Я прижалась губами к его некогда блестевшим, а теперь погасшим глазам, я откинула волосы с его лба и тоже поцеловала его. Вдруг он точно проснулся, и им овладела уверенность в реальности происходящего.
— Это вы? Правда, Джен? Значит, вы вернулись ко мне?
— Вернулась!
— И вы не лежите мертвая в какой-нибудь канаве или на дне реки? И не скитаетесь на чужбине, отверженная всеми?

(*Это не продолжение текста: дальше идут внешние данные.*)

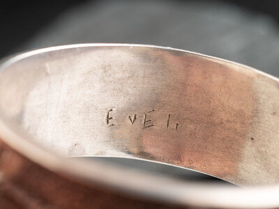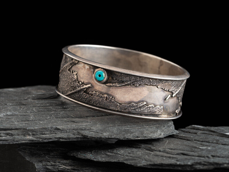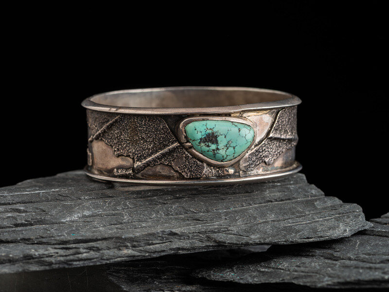set with a single drilled turquoise bead and a single turquoise stone; signed EVELI on interior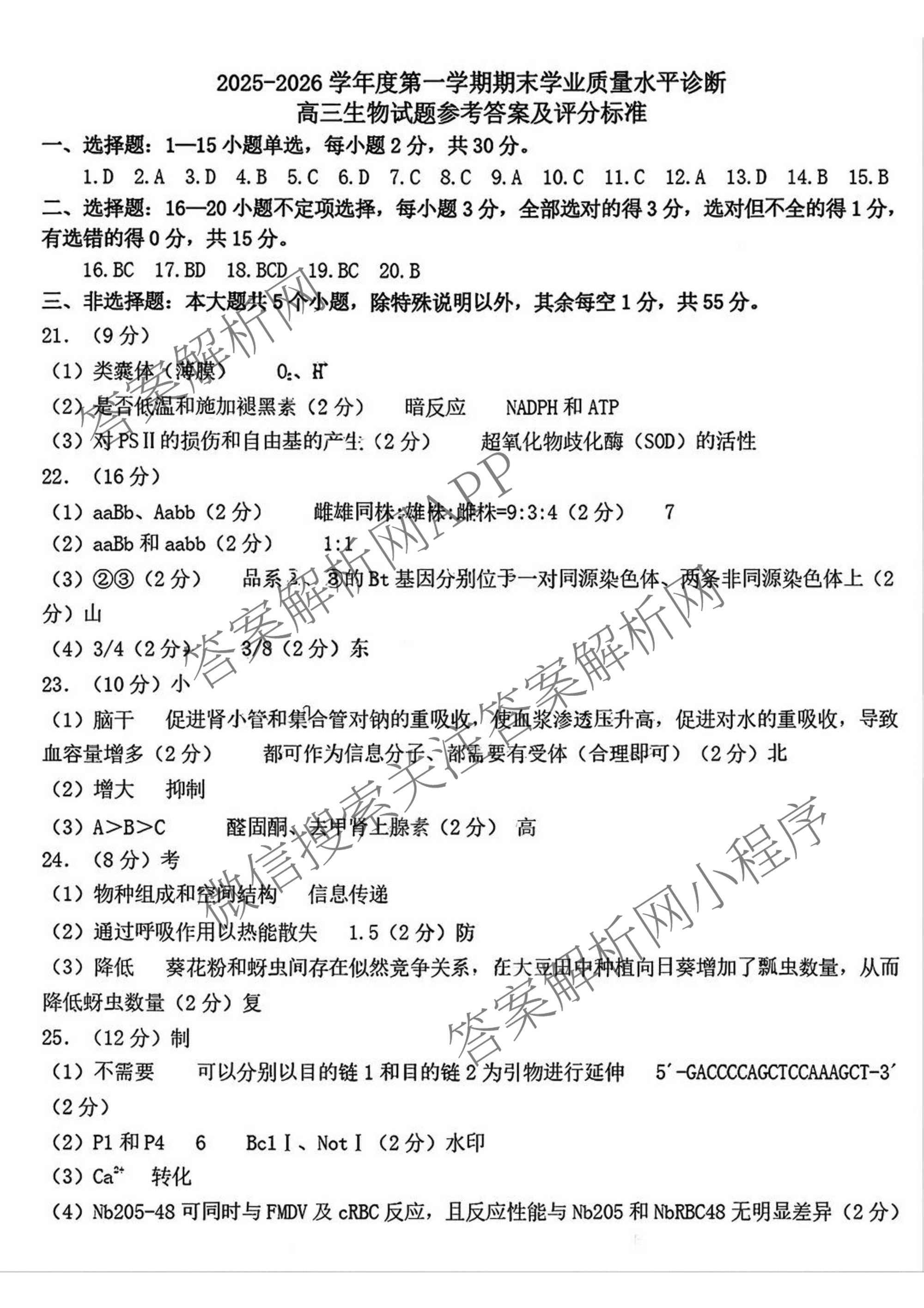 烟台市2025-2026学年度第一学期期末学业水平诊断高三生物答案,目前分科卷答案网已经汇总了烟台市2025-2026学年度第一学期期末学业水平诊断高三生物答案的各科答案和试卷,获取更多地方模拟答案解析,请在关注本站。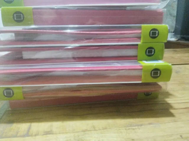 Conjunto de diez fundas para tabletas. - Color rojo. - Diseño con borde verde y símbolo cuadrado.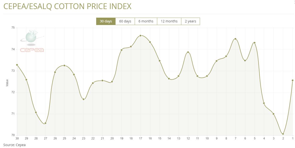 4月9日(周三),巴西CEPEA/ESALQ棉花價格指數(shù)報(bào)72.56美分/磅,較前一交易日上漲3.55%,該指數(shù)較前月同期下跌1.52%。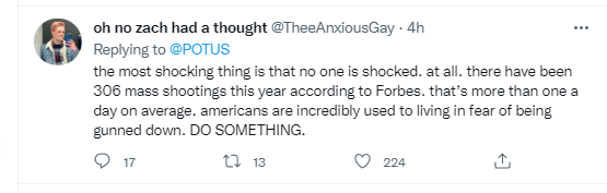 伊利諾伊州州長普利茲克(Pritzker)就此事發(fā)表講話稱“沒有言語”可以形容那些遇難者和受傷者的親屬在這一天所遭遇的損失和悲傷。普利茲克表示:“在公開慶!毩⑷铡瘯r,(槍手)藏在屋頂上,用突擊步槍射殺無辜的人,這種邪惡沒有言語可以形容。我也無法說出任何言語來減輕那些家庭的痛苦,他們的 7月4日不是‘慶!,而是‘悲傷’。”根據(jù)非營利組織的數(shù)據(jù),此次槍擊已是美國今年發(fā)生的第308起大規(guī)模槍擊事件。美媒稱,“獨立日”的這起大規(guī)模槍擊事件讓美國本已血腥的春季和夏季“更加血腥”。
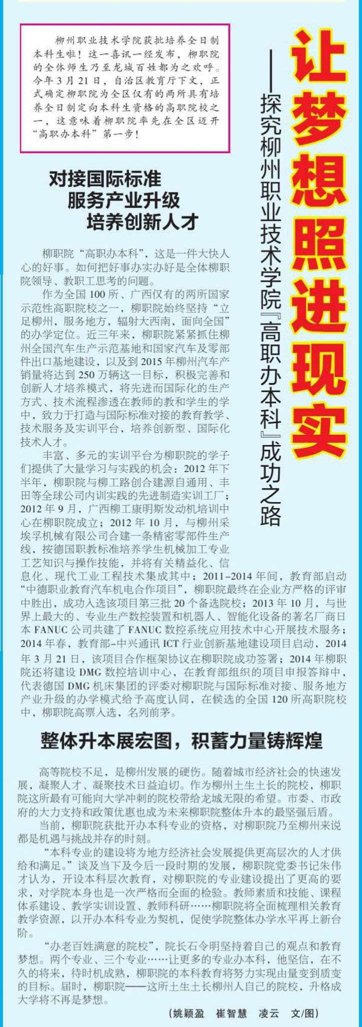 近年来,我院引进国际化的职业标准与职业评价体系、积极调整与优化人才培养模式、主动服务区域经济、服务柳州产业升级、培养与产业升级相适应的技术人才的创新办学成就,赢得社会各界的充分肯定和赞誉,引发当地主流媒体的普遍关注。4月24日,我院创新办学的成就,引来柳州日报、柳州晚报等多家媒体前来采访报道。其中柳州晚报在2014年4月24日头版导读栏目和第5版以“高职试点办本科,实力源自创新来”为题、柳州日报在4月25日2版显著位置以“让梦想照进现实”为题刊发我院创新办学的综述性报道。两报以翔实的事例和数据,大篇幅刊发我院服务社会,做改革、发展、管理的示范,做行业的示范以及主动对接柳州市产业发展,培养高素质、高技能的复合型人才的深度报道,全面概述了我院在创新办学上的努力、讴歌了我院创新“校企深度交融,工学有机结合”的人才培养模式办学思路,纵向反映了我院作为全区仅有的两所高职院校获得试点培养本科人才的雄厚实力,在社会各界引发广泛热议。 (文、图/石玉丹)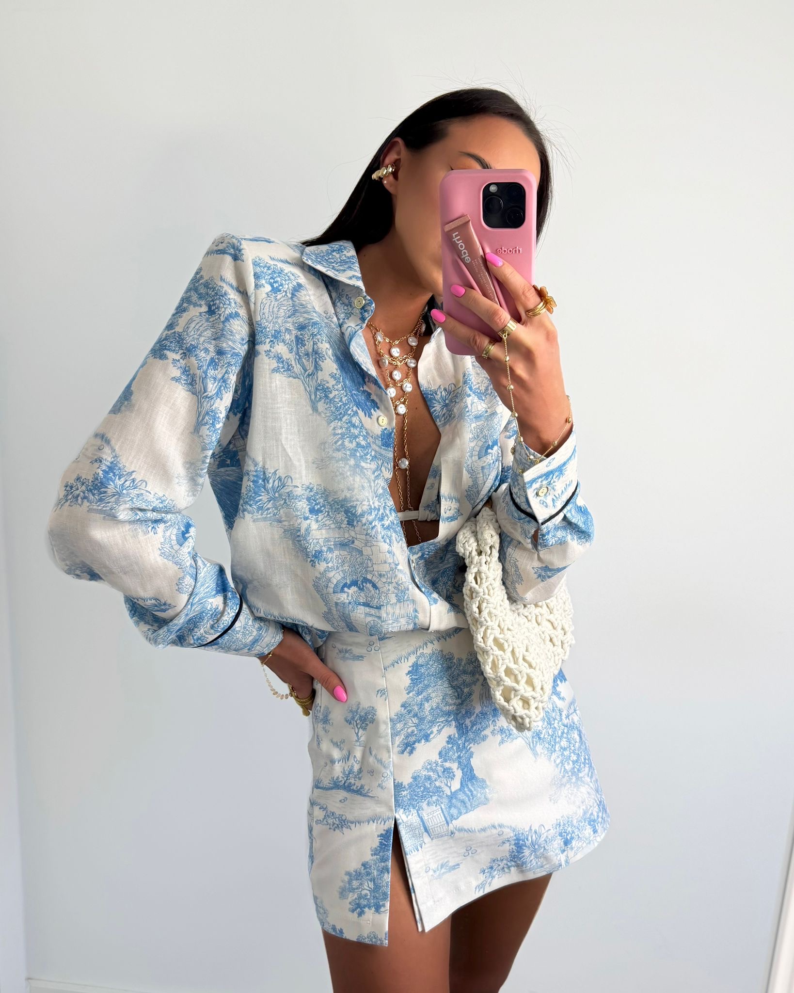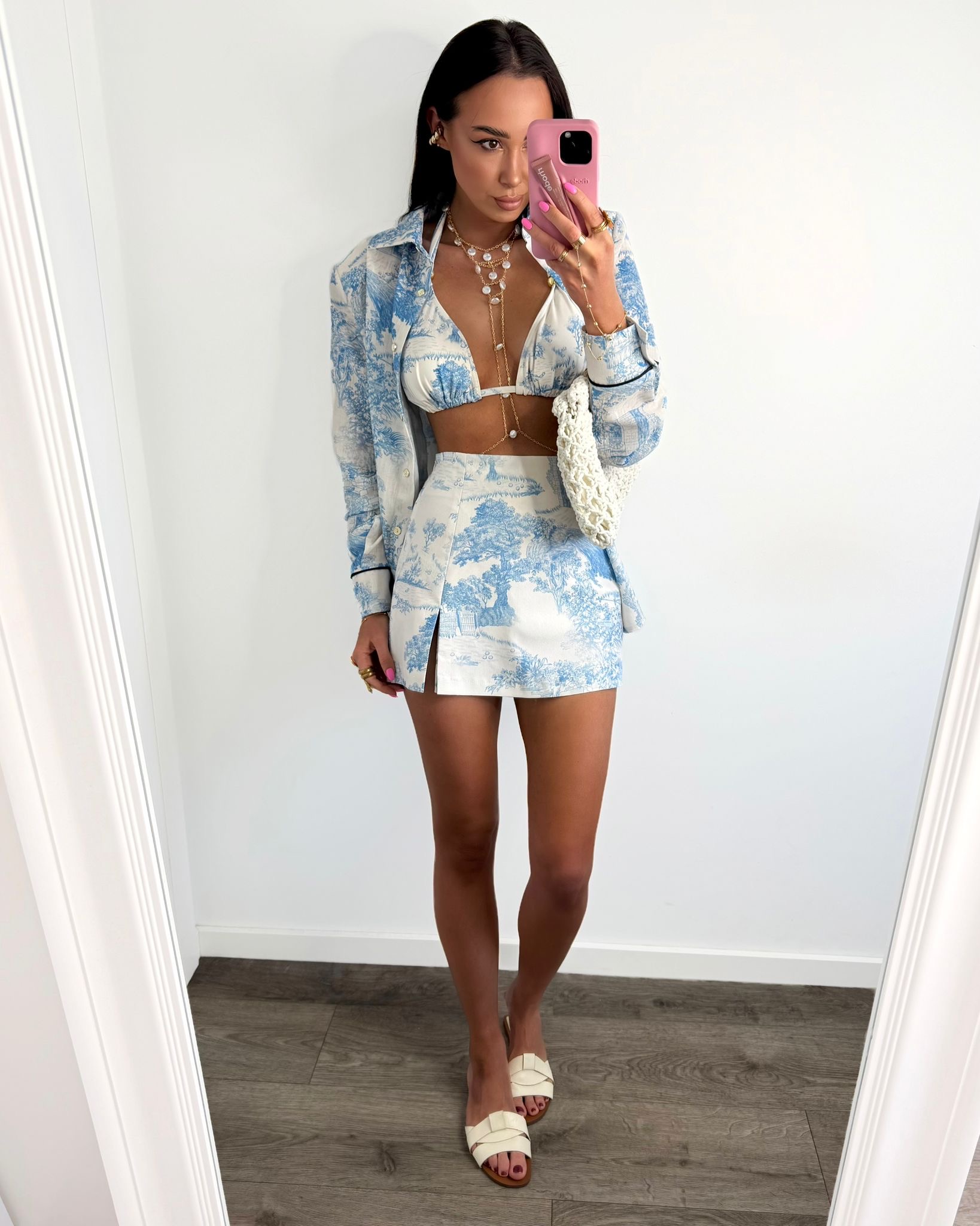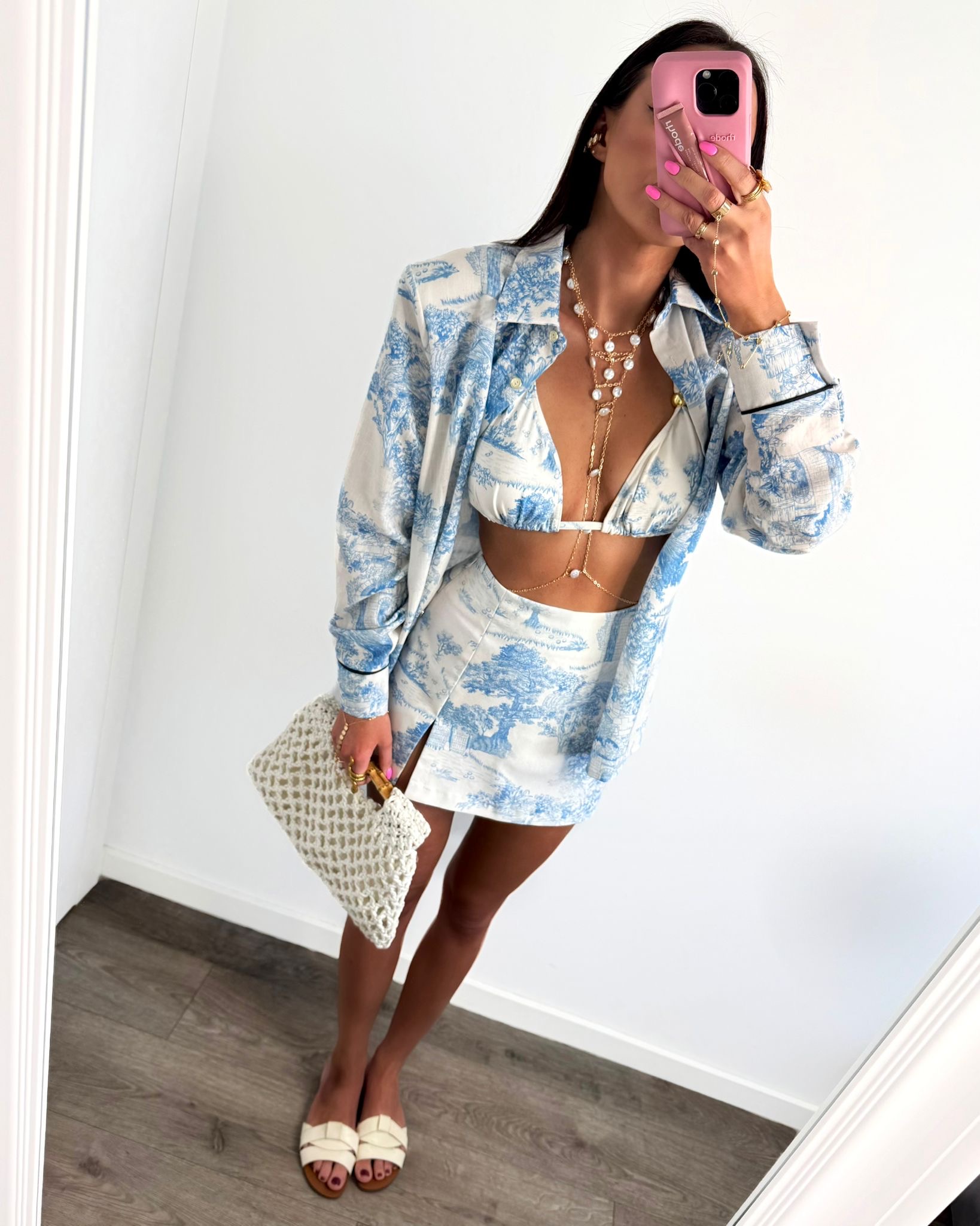 Spódnico-spodenki La Milla Nicea to połączenie kobiecego uroku z wygodą. Wykonane z lekkiego materiału, zachwycają niebieskim, klasycznym wzorem inspirowanym francuskim stylem. Z przodu wyglądają jak spódnica, z tyłu oferują komfort szortów – idealne na lato, spacery i stylowe wyjścia. Doskonale komponują się z marynarką z tej samej kolekcji.

— Нет, сэр, теперь я независимая женщина.
— Независимая! Что вы хотите сказать?
— Мой дядя, живший на Мадейре, умер и оставил мне пять тысяч фунтов.
— О, вот это звучит реально, это настоящая действительность! — воскликнул он. — Мне бы никогда это не приснилось. И потом — это ее голос, такой оживленный и волнующий и все такой же нежный; он радует мое омертвевшее сердце, он оживляет его. Как же это, Джен? Вы независимая женщина? Вы богатая женщина?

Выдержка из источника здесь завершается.